Featured on "Home Improvement"

Posted

Besides his own talents, Boyd has worked on special projects with some of the top designers in the automotive aftermarket. Chip Foose and Jessie James both worked in the Boyd Coddington hot rod shop for several years and now each have their own cable TV shows.

 

Other well-known designers such as Thom Taylor, Larry Wood (Hot Wheels designer), Todd Emmons, Chris Ito (Peterbilt) and Eric Brockmeyer happily collaborated with Boyd as well.
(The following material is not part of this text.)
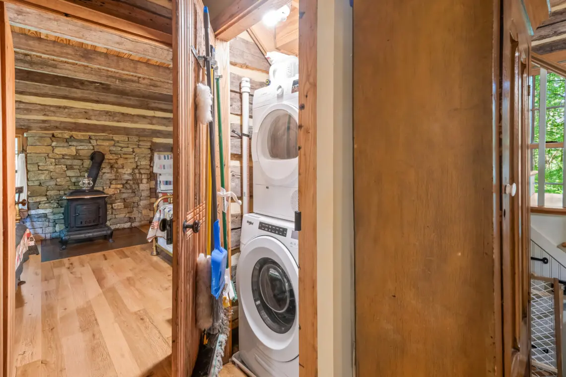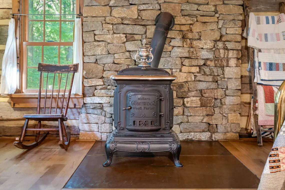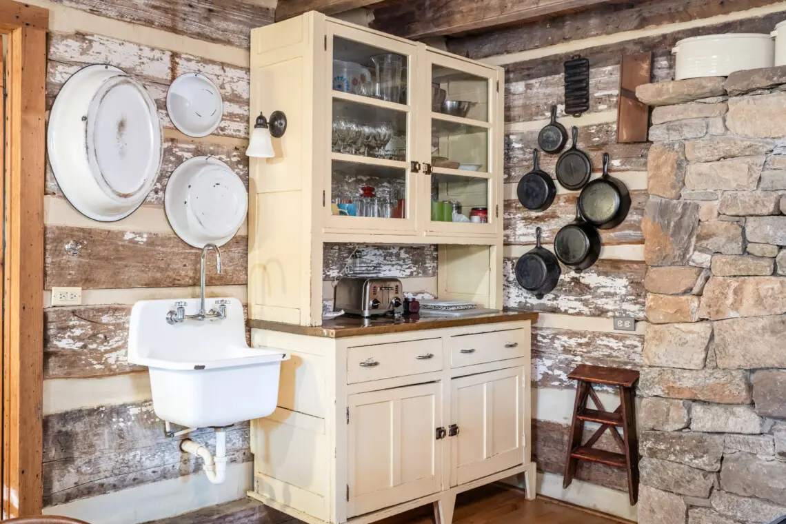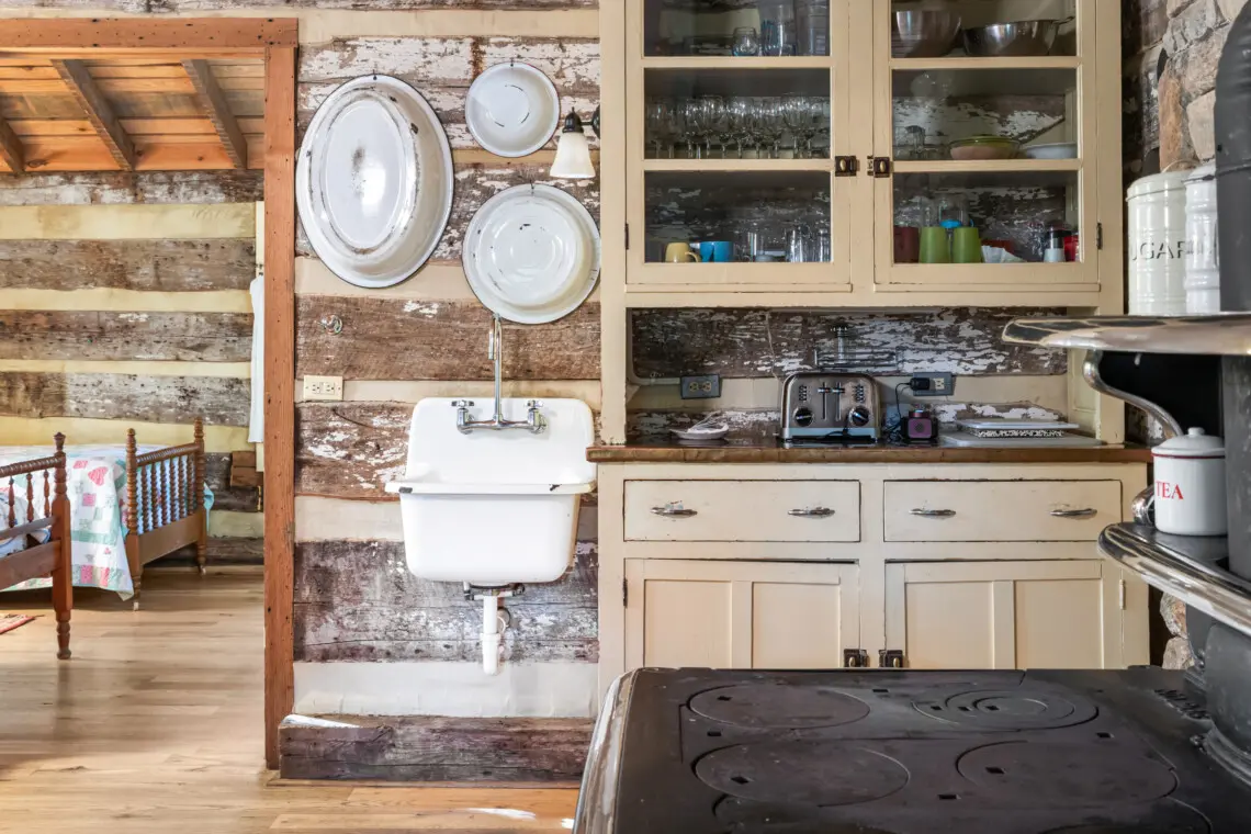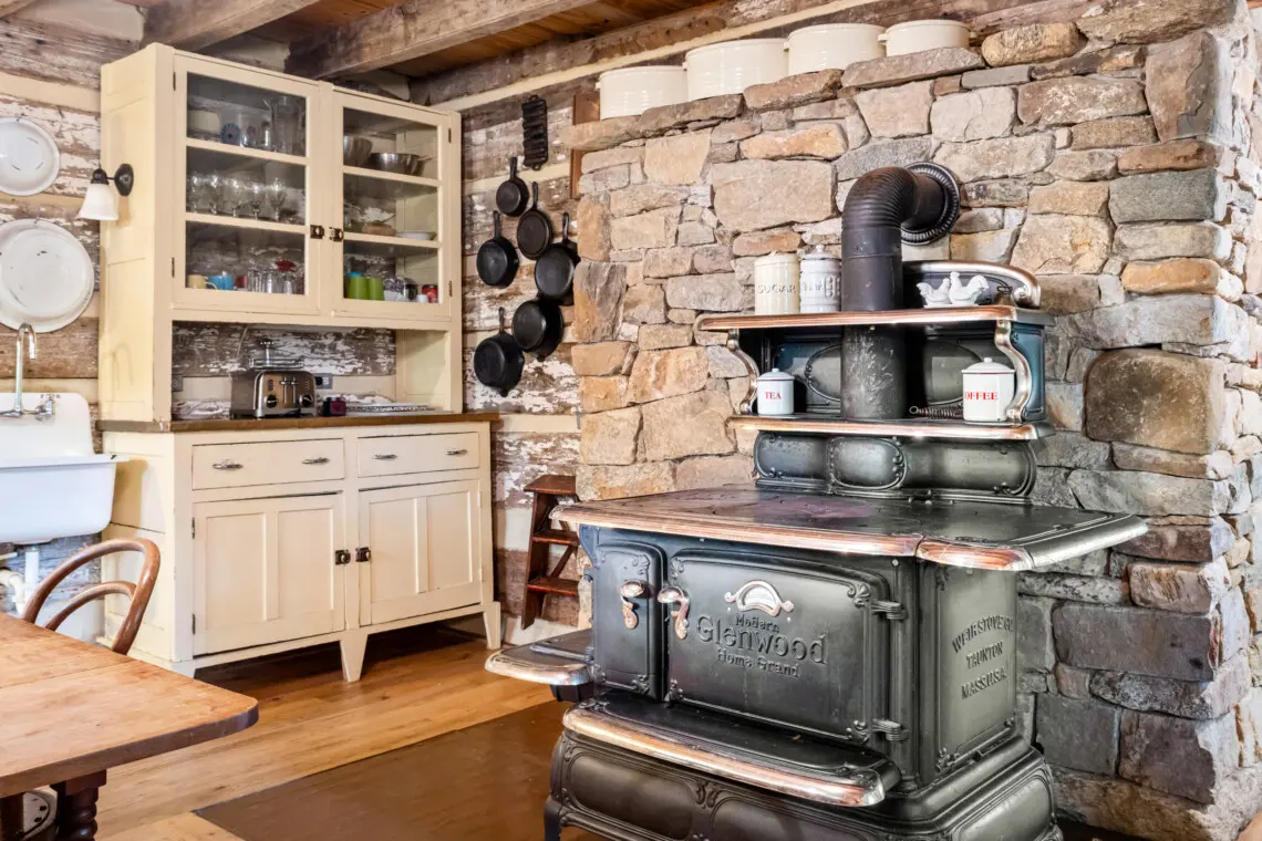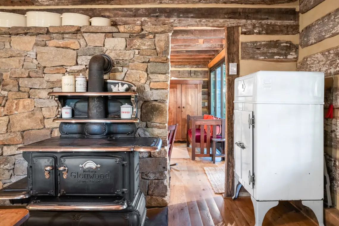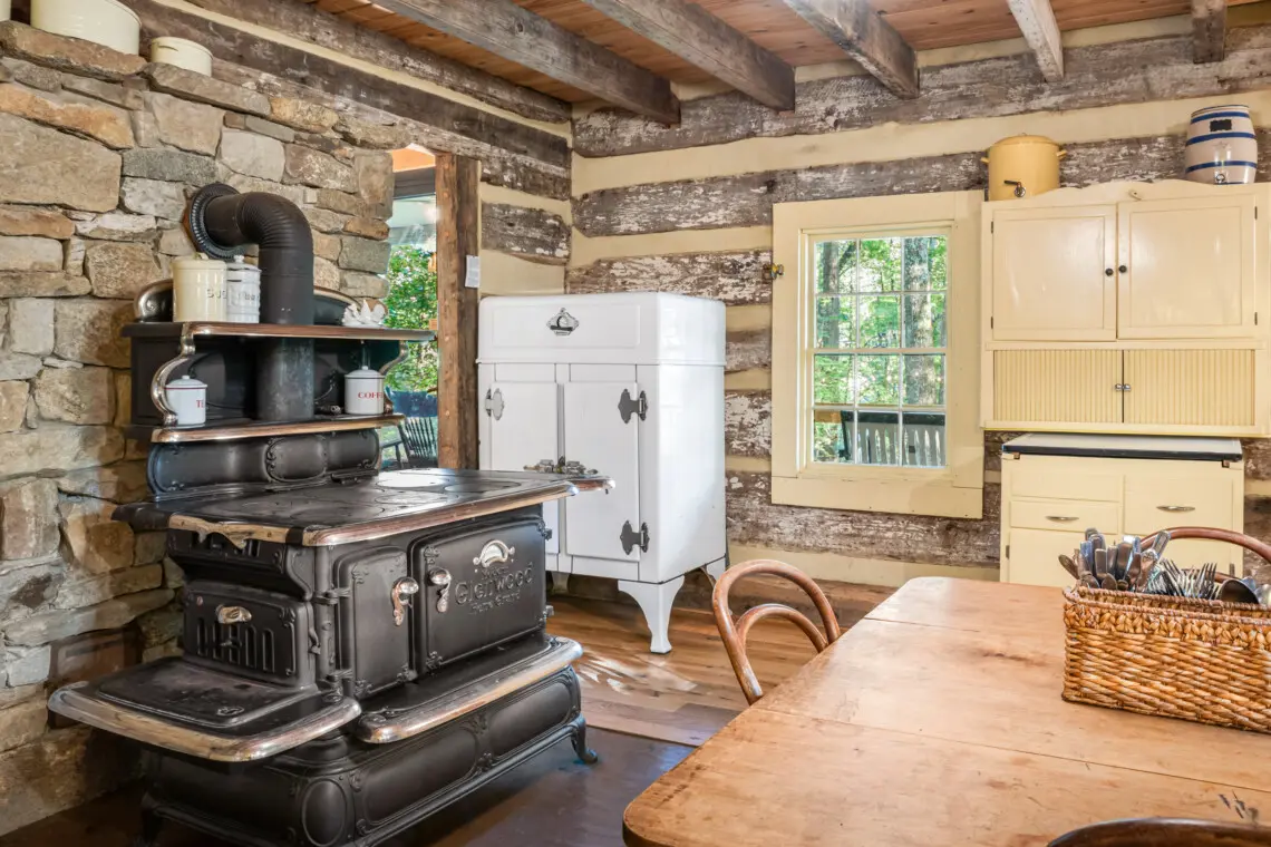 The kitchen has modern appliances; electric range/oven, microwave, two standard drip coffee makers, an antique electric refrigerator, a freezer (plus an antique wood cook stove for the adventurous sort – though best used for ambiance on a cool morning while bonding over your morning coffee). The kitchen is arranged as the early kitchens were, with the table in the middle of the room.
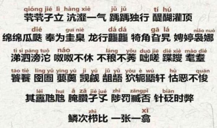 茕茕(qióng)孑(jié)立,沆(hàng)瀣(xiè)一气,踽踽(jǔ)独行,醍(tī)醐(hú)灌顶

Larry Erickson, currently with Ford Motor Company (Chief Designer, Mustang), worked with Boyd in the late Eighties to develop Cadzzilla.

 

Boyd's cars have won the prestigious "America's Most Beautiful Roadster" an unprecedented seven times, the Daimler-Chrysler Design Excellence Award twice, and he's been inducted into the SEMA Hall of Fame, the Grand National Roadster Show Hall of Fame, the National Rod & Custom Museum Hall of Fame, the Route 66 Wall of Fame, the Street Rod Marketing Alliance Hall of Fame, and was voted "Man of the Year" in 1988 by Hot Rod Magazine.

 

An unusual honor for Boyd was to have the only hot rod ever displayed on the cover of the Smithsonian Magazine, when his '33 coupe was part of a 1993 exhibit titled "Sculpture on Wheels."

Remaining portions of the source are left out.